This week’s quotation is from: Charles R. Forker, ‘Introduction’, in William Shakespeare, Richard II (Arden Third Edition), (Thomson Learning: London, 2002)
A recent Reddit thread discussed the extent to which the History plays critiqued the monarchy. To be honest, I didn’t want to get involved, because it looked like a straight request for homework help, and yet, it was hard to resist such a fascinating subject …
By any broadly accepted reckoning, Elizabeth was well into her 50s and therefore past childbearing age by the time Shakespeare started writing plays.
That fact must have dawned on the movers and shakers of the era, to the extent that Elizabeth issued a Treasons Act in 1571, strengthened a decade later, which prohibited the discussion of succession issues, and specifically the naming of any potential successor.
In this climate, and with modern theatre in the first, daring flush of its youth, I think the History Plays became a safe space for a subtle ‘conversation’ about the monarchy. Shakespeare, as he always does, made few overt declarations, preferrring to present a set of circumstances and let people make their own minds up. It’s one of the reasons why his plays are infinitely malleable, and why we still play them today.

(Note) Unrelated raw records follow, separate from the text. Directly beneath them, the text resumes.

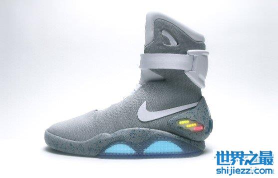 到了现实生活中的2015年,Nike公司巧妙的还原了当年未来场景中的产物,打造了这双鞋王Nike Air Mag,除了拥有各种酷炫吊炸天的灯光,其最大的特点就是可以自动系鞋带,跟电影中一模一样,当然贵加上限量也是其最重要的商标。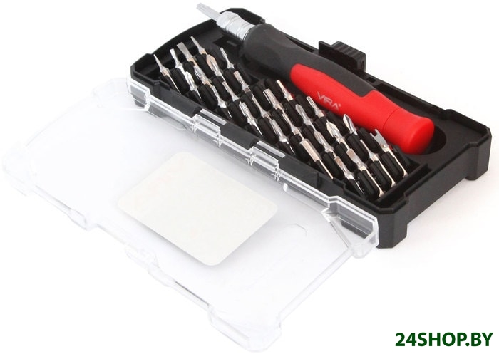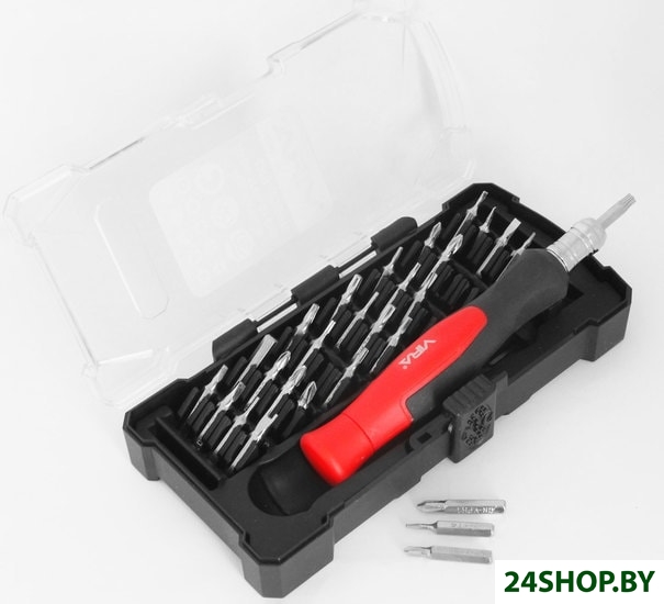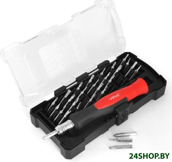 - Биты (насадки-отвертки): 28 (Torx, Phillips, Pozidriv, Slotted)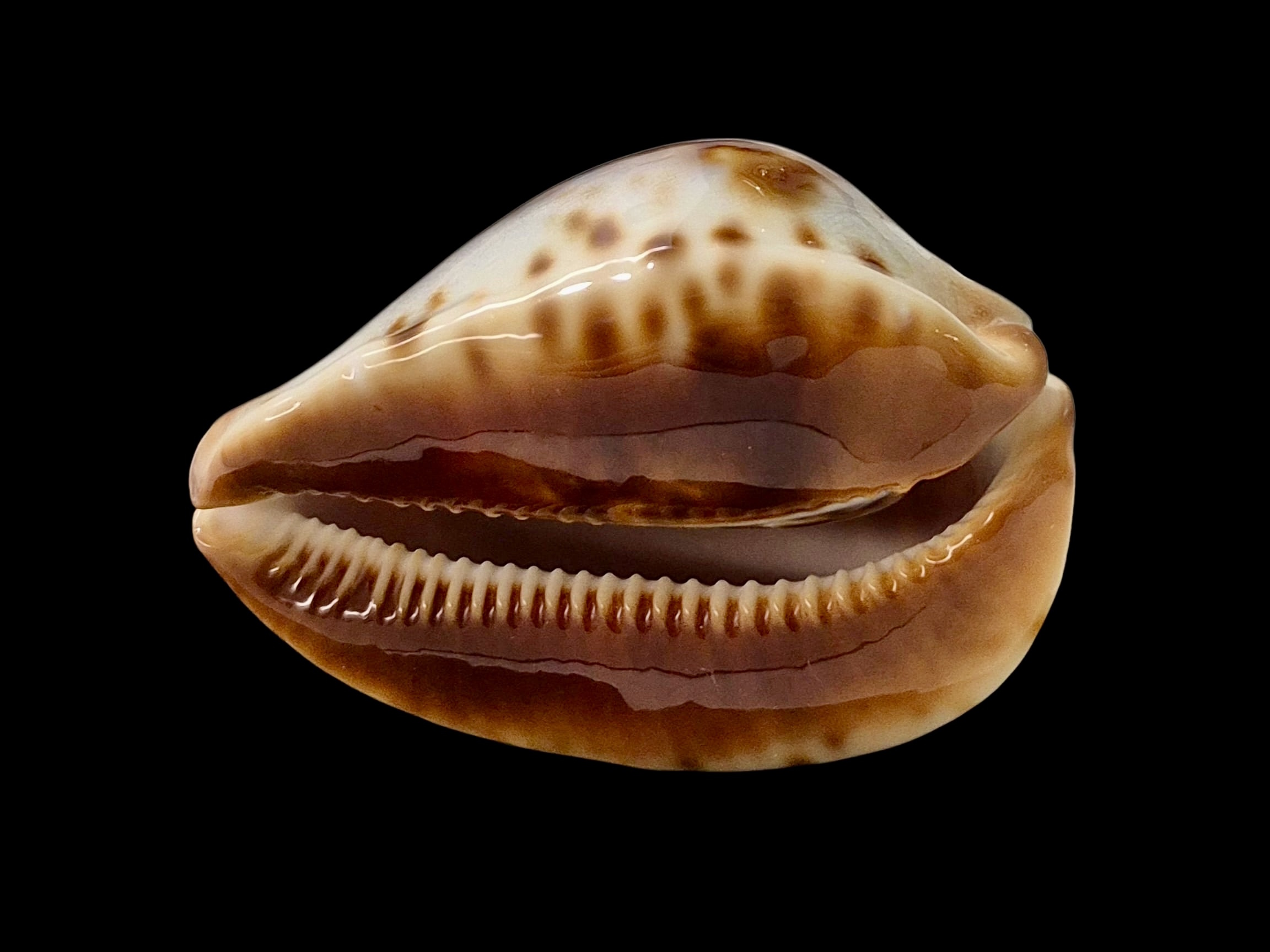 A beautiful honey colored shell of superb quality gem or very close to gem, collected by local trawling on sponge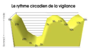 La baisse de vigilance due à la fatigue à certaines heures de la journée peut rendre improductif voire dangereux. En effet, selon l'association des sociétés francaise d'autoroutes (ASFA), 52 % des accidents de la route surviennent entre 4h et 6h du matin et 15h et 16h. Cela s'explique par la diminution du niveau de vigilance à ces horaires.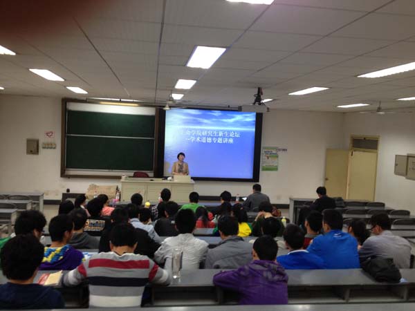 学术道德规范》,就大家关心的引用、抄袭、剽窃等概念做了详细阐释,并通过列举一些虚构科研成果、一稿多投与重复发表、虚假署名与挂名等不道德的学术现象介绍了学术造假的危害。最后,他强调,同学们一定要有科学精神,本着实事求是的态度做学问,坚决抵制不良之风,争做一名合格的研究生。出席会议的王书会副书记就学术道德问题进行了简单地补充。他通过发生在身边周围的真人真事强调了规范学术道德的必要性,同时对同学们提出了要求:一定要恪守学术道德规范,不弄虚作假,专心科研,努力回报社会!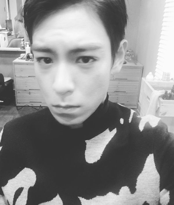 셀프 카메라를 찍고 있는 탑은 미간을 찡그리며 우울한 표정을 연출해 시선을 사로 잡았다.

Overall, the History Plays present a compelling exploration of the kind of king the country needed, and wanted, once Elizabeth had gone.
Naturally, there had to be nods to Elizabeth and the Tudors as being an exemplary royal dynasty. Hence, I see parallels between Henry V and Elizabeth, and it seems obvious to everyone that Richard III contains elements of propaganda, favouring Henry VII and following the party line adopted by Thomas More (who I always think ought to have known better), and others in demonising Richard III.
Richard II wasn’t written in historical order, so it’s the fifth play in the cycle, as followers of the Ponytail Shakespeare read-through will know. Nevertheless, some key scholars have suggested that the ‘message’ of the plays is that the deposition of Richard leads to the Old Testament-style blighting of the land, until it is redeemed by Elizabeth’s grandfather, Henry VII. The idea is that the country is rescued by the Tudors.
I’m not convinced. I offer these quotations from Forker as part of my unease about this.
audiences are called upon to respond not only to the fall of a particular king but also to the disquieting possibility that the institution of hereditary monarchy may itself be unviable. The subject would have been especially magnetic in the waning years of the last Tudor, who was sometimes thought to be dangerously influenced by ambitious favourites, and the identity of whose as yet unspecified successor was stimulating intense partisan speculation.
and
Struggles for the crown were not new […] What is unique and fresh in Richard II is the stress on the divinity that was thought to hedge kings, the abandonment of historical diffuseness and the probing not merely of divine right as a concept but of the unstable personality of a king who puts his whole trust in its theoretical protections.
What I DO see, is that conversation beginning. An incredible analysis of the kind of leadership the country wanted. And needed. I also think that whilst there is plenty of conciliatory, flattering material in Macbeth for Elizabeth’s successor, the most important part of an emboldened Shakespeare is the ‘king becoming graces‘ speech in Act IV scene iii:
As justice, verity, temperance, stableness,
Bounty, perseverance, mercy, lowliness,
Devotion, patience, courage, fortitude,
James I was confident of his intellectual and debating abilities. He was also over-reliant on his divine right to the throne – much like Richard II. This passage reads like a challenge, a shopping list made for the new Stuart dynasty by the nation. The repeated failure to meet these demands must, inevitably, have led Charles I to the block on 30 January 1649 …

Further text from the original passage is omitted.